We can therefore consider demand to be of the form:

[math]x_i = k p_i^{\frac{-1}{1-\rho}}\,[/math]


Firms therefore solve:

[math]\max_{p_i} (p_i - c) k p_i^{\frac{-1}{1-\rho}} - f\,[/math]


which gives (using the FOC):

[math]p_i^* = \frac{c}{\rho}\,[/math]


With a free entry condition profits are zero, so:

[math](p_i - c) x - f = 0 \quad \therefore \; x^* = \frac{f\rho}{c(1-\rho)}\,[/math]


Solving for the number of firms

The FOC of the consumer was:

[math]-p_i^* u_{x_0} + u_y \frac{1}{\rho} \left ( \sum_{i=1}^{n} x_i^\rho \right)^{\frac{1}{\rho} - 1} \cdot \rho x_i^{\rho - 1} = 0 \,[/math]


Using a symmetric equilibrium and plugging in [math]p_i^*\,[/math] we can rewrite this as:

[math]n^* = \left( \frac{c u_{x_0}}{\rho u_y} \right)^{\rho}{1-\rho}\,[/math]

A Planner's solution

A planner would use lump sum taxation (so as not to distort incentives) to cover fixed costs, and then marginal cost pricing to get efficient production.

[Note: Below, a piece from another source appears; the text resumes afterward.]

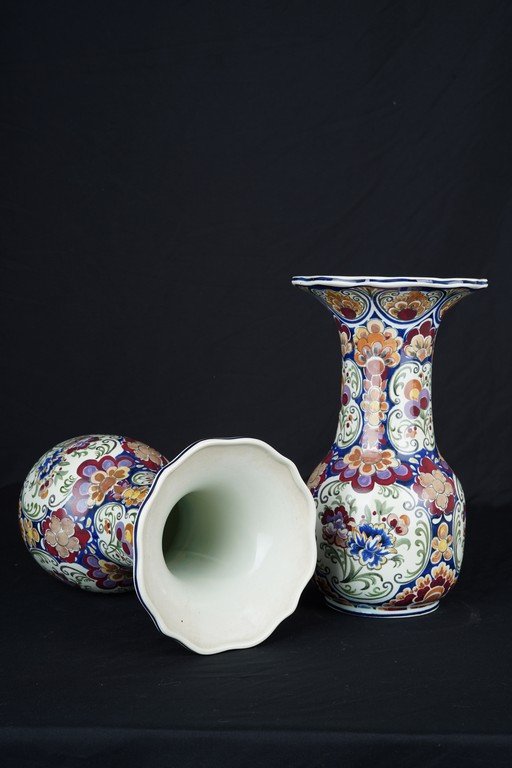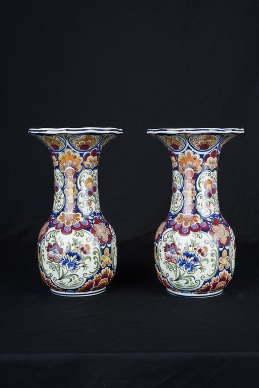 Sepasang vas antik porselen Belgia ini memiliki bentuk klasik dengan mulut lebar melebar keluar, menonjolkan gaya elegan khas Eropa. Permukaan vas dihiasi dekorasi tangan penuh warna dengan motif floral simetris yang rumit, memadukan nuansa merah, biru, kuning, dan hijau di atas dasar putih mengilap. Detail ornamen yang halus mencerminkan kualitas kerajinan porselen Belgia yang tinggi, menghadirkan kesan mewah dan artistik. Koleksi ini bukan hanya wadah dekoratif, tetapi juga karya seni antik bernilai yang merepresentasikan keindahan desain porselen Eropa. Estimasi packing 45*45*45

Therefore a planner would solve:

[math]\max_x u(B - nf - ncx, xn^{\frac{1}{\rho}}\,[/math]


and then optimize by the number of firms. However, by the envelope theorem, both optimizations can be performed simultaneously. Therefore FOCs wrt [math]x\,[/math] and [math]n\,[/math] give (respectively):


[math]-ncu_{x_0} + n^{\frac{1}{\rho}}u_y = 0\,[/math]
[math](-f -cx)u_{x_0} + \frac{1}{\rho} x n^{\frac{1}{\rho} - 1} u_y = 0\,[/math]


This gives planner solutions [math]x^p\,[/math] and [math]n^p\,[/math].


Comparing solutions

To make the comparison we need to plug in for [math]u(\cdot)\,[/math] into the market solution and eliminate it (by substitution) from the planner's solution (see handout. Doing this gives


[math]n^* = \frac{B}{\frac{f}{1-\rho} (1+\alpha)}\,[/math]
[math]n^p = \frac{B}{(\frac{\rho}{1-\rho}(1+\alpha) + 1) f}\,[/math]


On comparison is turns out that the market solution does not create too much entry. The business stealing effect is mitigated by difficulties in appropriating consumer surplus.